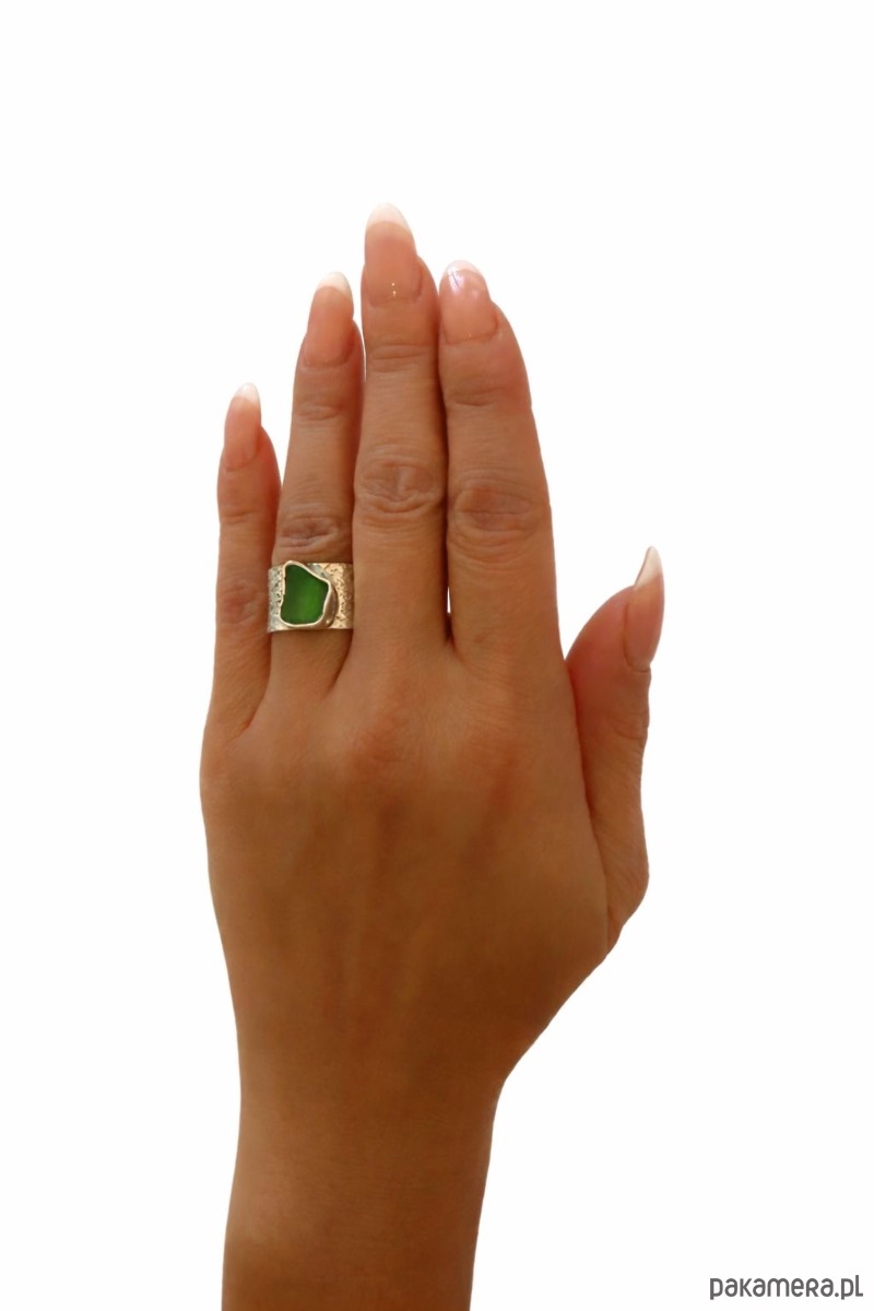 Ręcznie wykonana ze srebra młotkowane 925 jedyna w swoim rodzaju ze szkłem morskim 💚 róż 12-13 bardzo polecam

--

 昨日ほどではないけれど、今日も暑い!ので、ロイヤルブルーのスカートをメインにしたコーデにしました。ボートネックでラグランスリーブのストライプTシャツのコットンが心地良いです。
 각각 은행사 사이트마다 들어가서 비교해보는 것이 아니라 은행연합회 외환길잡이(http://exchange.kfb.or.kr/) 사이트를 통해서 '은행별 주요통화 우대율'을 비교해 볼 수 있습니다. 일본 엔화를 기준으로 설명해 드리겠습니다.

--

▶ Task details
Taking the entries above, write out exactly the lines starting with the line containing "昨日ほどではないけれど、今日" and going on through the line containing "각각 은행사 사이트마다", both included, and nothing else.

▶ Response to this task
 昨日ほどではないけれど、今日も暑い!ので、ロイヤルブルーのスカートをメインにしたコーデにしました。ボートネックでラグランスリーブのストライプTシャツのコットンが心地良いです。
 각각 은행사 사이트마다 들어가서 비교해보는 것이 아니라 은행연합회 외환길잡이(http://exchange.kfb.or.kr/) 사이트를 통해서 '은행별 주요통화 우대율'을 비교해 볼 수 있습니다. 일본 엔화를 기준으로 설명해 드리겠습니다.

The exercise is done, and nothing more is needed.